Vision Transformers work by:
1. Splitting an image into fixed-size patches (typically 16x16 pixels)
2. Linearly embedding these patches
3. Adding positional embeddings
4. Processing the resulting sequence with a standard Transformer encoder

Key advantages of Vision Transformers include:
- Global receptive field from the start, unlike CNNs which build it up gradually
- Strong performance on large datasets
- Efficient parallel processing of image patches
- Ability to capture long-range dependencies in images

## Architecture of Vision Transformers

The Vision Transformer architecture consists of several key components:

1. **Patch Embedding**: 
   - Divides the input image into non-overlapping patches
   - Flattens each patch and projects it to a lower-dimensional space
   - Adds a learnable classification token at the start of the sequence

2. **Position Embedding**:
   - Adds learnable position embeddings to provide spatial information
   - Helps the model understand the relative positions of patches

3. **Transformer Encoder**:
   - Multiple layers of multi-head self-attention
   - Feed-forward networks
   - Layer normalization and residual connections

4. **Classification Head**:
   - Uses the transformed classification token for final prediction
   - Typically consists of a simple MLP

## Setting Up the Environment

Let's start by importing the necessary libraries:

In [None]:
import tensorflow as tf
import numpy as np
from tensorflow.keras import layers
import matplotlib.pyplot as plt

In [None]:
# Set random seeds for reproducibility
tf.random.set_seed(42)
np.random.seed(42)

## Implementing Patch Creation and Embedding

First, we'll implement the patch creation and embedding layer:

In [None]:
class PatchEmbed(layers.Layer):
    def __init__(self, img_size=32, patch_size=4, embed_dim=64):
        super(PatchEmbed, self).__init__()
        self.num_patches = (img_size // patch_size) ** 2
        self.proj = layers.Conv2D(
            filters=embed_dim,
            kernel_size=patch_size,
            strides=patch_size,
            padding='VALID'
        )
        self.flatten = layers.Reshape((-1, embed_dim))

    def call(self, x):
        x = self.proj(x)
        x = self.flatten(x)
        return x

### Patch Embedding Layer Explanation

The PatchEmbed class is a crucial component of the Vision Transformer that transforms input images into a sequence of embedded patches.

**Input Processing**
- Takes an image of size `img_size x img_size` (default 32x32)
- Divides it into non-overlapping patches of size `patch_size x patch_size` (default 4x4)
- The total number of patches is calculated as `(img_size // patch_size)²`[1]

**Layer Components**

1. **Convolutional Projection**
- Uses a Conv2D layer with:
  - `embed_dim` output filters (default 64)
  - Kernel size equal to patch_size (4x4)
  - Stride equal to patch_size for non-overlapping patches
  - 'VALID' padding to avoid padding artifacts[1]

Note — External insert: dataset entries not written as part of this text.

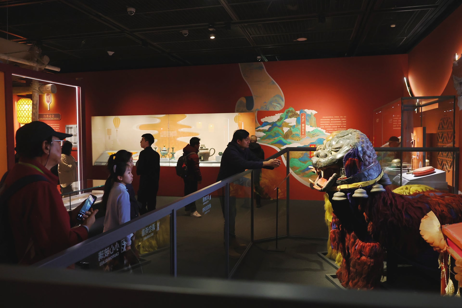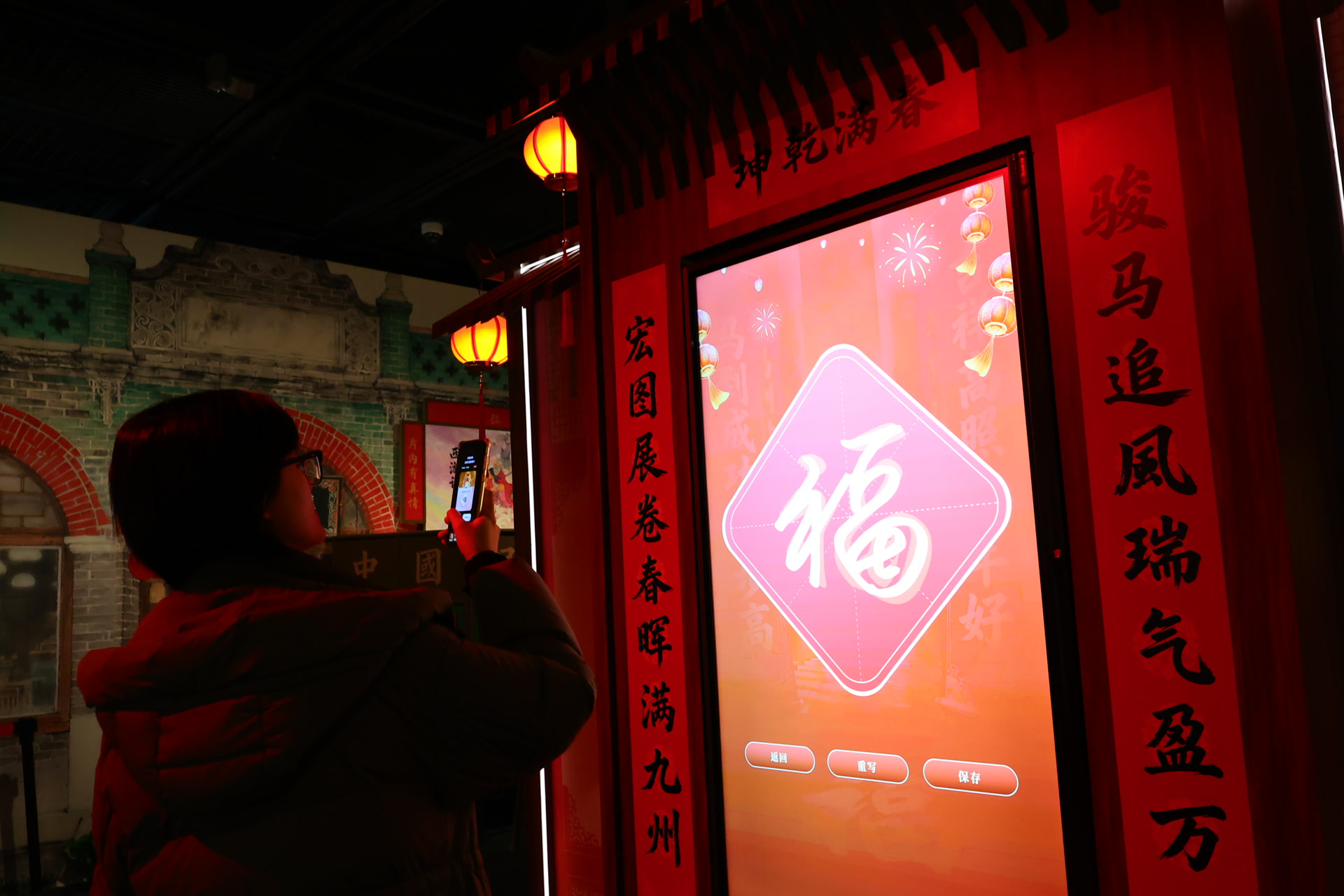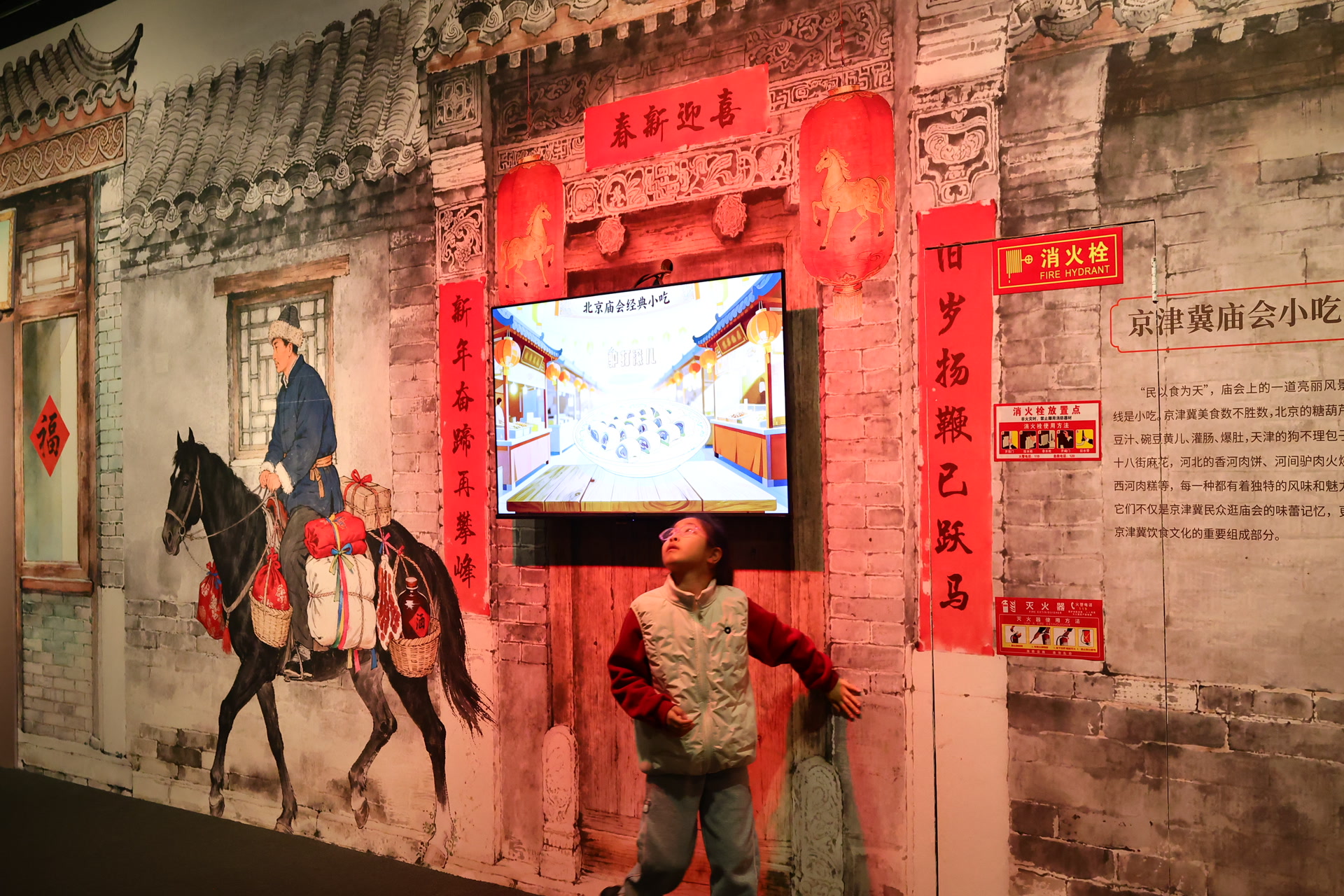 一对情侣在互动大屏上写下“福”字、一位母亲带着孩子体验拉洋片……首都博物馆“幡鼓动幽燕——京津冀庙会文化展”吸引许多游客驻足参观。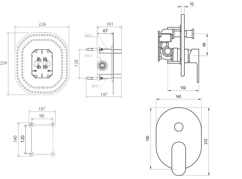 • подходит: к ваннам (заполнение переливом и вывод для ручного душа) или душевым уголкам, имеющим фиксированный и ручной душ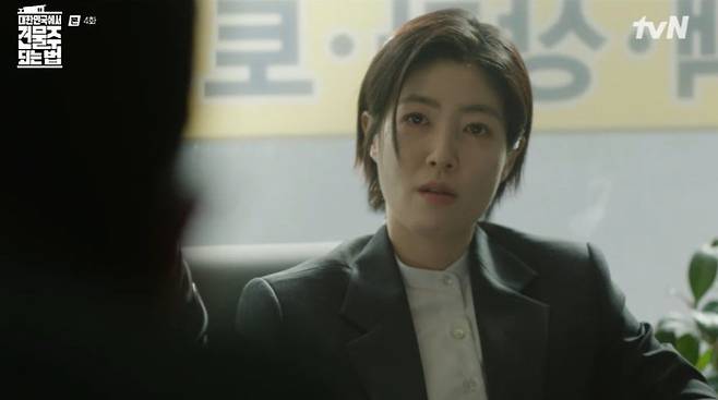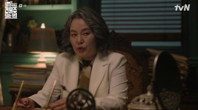 22일 tvN '대한민국에서 건물주 되는 법'에선 선(임수정 분)이 활성(김준한 분)과의 불륜을 이유로 요나(심은경 분)에게 약점이 잡혔음을 알고 분개하는 수종(하정우 분)의 모습이 그려졌다.

2. **Flattening Operation**
- Reshapes the convolution output into a sequence of patch embeddings
- Transforms the 4D tensor into a 2D sequence of shape `(num_patches, embed_dim)`[1]

**Workflow**
1. Input image (batch_size, height, width, channels)
2. Conv2D projects patches to embedding dimension
3. Reshape flattens spatial dimensions into sequence
4. Output shape: (batch_size, num_patches, embed_dim)[1]

This layer effectively converts a 2D image into a sequence of embedded patches that can be processed by the transformer architecture.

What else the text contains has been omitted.